BEGIN Data for this task

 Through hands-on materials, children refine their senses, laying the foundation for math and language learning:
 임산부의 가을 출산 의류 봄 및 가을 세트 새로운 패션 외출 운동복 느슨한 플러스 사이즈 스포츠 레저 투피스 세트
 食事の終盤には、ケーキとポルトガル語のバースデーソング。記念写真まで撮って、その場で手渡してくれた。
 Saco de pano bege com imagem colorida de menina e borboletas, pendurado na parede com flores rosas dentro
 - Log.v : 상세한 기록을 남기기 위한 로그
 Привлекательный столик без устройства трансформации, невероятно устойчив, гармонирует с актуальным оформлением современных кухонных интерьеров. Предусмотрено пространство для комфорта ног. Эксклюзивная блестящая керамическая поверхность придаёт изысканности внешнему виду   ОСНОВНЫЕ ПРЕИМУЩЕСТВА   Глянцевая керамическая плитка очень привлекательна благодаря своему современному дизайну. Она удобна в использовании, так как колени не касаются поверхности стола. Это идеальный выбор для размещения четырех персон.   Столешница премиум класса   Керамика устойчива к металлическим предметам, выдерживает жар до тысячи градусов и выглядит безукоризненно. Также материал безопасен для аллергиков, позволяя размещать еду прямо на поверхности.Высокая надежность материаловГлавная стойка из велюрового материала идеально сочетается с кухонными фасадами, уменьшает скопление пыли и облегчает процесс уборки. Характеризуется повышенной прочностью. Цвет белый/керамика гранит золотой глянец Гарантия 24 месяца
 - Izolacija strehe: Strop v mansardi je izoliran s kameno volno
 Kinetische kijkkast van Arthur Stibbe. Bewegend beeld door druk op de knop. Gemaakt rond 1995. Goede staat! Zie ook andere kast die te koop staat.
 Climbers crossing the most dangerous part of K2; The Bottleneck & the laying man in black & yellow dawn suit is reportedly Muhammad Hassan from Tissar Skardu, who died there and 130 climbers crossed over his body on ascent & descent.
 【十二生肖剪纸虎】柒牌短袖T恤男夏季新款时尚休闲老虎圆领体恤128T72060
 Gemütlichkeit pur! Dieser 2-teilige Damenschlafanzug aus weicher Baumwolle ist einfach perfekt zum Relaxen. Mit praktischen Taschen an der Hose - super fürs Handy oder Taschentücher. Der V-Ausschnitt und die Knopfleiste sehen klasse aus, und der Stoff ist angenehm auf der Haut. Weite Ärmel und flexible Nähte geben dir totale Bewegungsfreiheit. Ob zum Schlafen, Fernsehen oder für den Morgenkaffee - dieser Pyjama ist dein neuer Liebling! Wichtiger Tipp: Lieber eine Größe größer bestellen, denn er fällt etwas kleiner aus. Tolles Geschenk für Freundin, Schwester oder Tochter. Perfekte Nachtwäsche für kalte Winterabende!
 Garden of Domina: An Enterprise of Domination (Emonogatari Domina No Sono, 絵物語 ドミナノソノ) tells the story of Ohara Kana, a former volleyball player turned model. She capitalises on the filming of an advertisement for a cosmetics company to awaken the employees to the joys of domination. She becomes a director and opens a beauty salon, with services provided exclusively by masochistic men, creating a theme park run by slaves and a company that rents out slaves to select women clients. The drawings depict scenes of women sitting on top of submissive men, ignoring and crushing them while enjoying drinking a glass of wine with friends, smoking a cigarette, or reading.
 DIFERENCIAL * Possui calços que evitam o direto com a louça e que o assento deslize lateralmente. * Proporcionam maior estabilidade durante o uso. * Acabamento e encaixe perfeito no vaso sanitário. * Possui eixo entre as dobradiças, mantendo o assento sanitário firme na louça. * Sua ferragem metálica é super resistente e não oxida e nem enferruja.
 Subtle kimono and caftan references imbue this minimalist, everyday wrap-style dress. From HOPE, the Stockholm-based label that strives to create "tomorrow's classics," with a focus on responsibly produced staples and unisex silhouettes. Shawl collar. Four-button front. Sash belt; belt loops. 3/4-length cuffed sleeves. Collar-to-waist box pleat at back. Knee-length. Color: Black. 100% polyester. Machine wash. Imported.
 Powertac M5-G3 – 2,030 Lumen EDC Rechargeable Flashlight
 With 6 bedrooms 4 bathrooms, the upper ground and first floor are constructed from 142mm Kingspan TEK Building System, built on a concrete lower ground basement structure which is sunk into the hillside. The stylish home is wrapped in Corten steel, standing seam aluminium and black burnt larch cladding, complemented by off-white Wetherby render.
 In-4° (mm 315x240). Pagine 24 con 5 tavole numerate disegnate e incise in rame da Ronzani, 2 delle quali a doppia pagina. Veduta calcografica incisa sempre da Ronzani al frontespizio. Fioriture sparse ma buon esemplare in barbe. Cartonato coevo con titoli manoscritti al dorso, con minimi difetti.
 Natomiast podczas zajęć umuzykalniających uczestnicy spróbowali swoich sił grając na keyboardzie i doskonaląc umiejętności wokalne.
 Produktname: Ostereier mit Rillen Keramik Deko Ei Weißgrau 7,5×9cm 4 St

END Data for this task

◆ What to work on ◆
In the entries above, count each line that holds "laying". Give the total and nothing else.

◆ Answer area ◆
2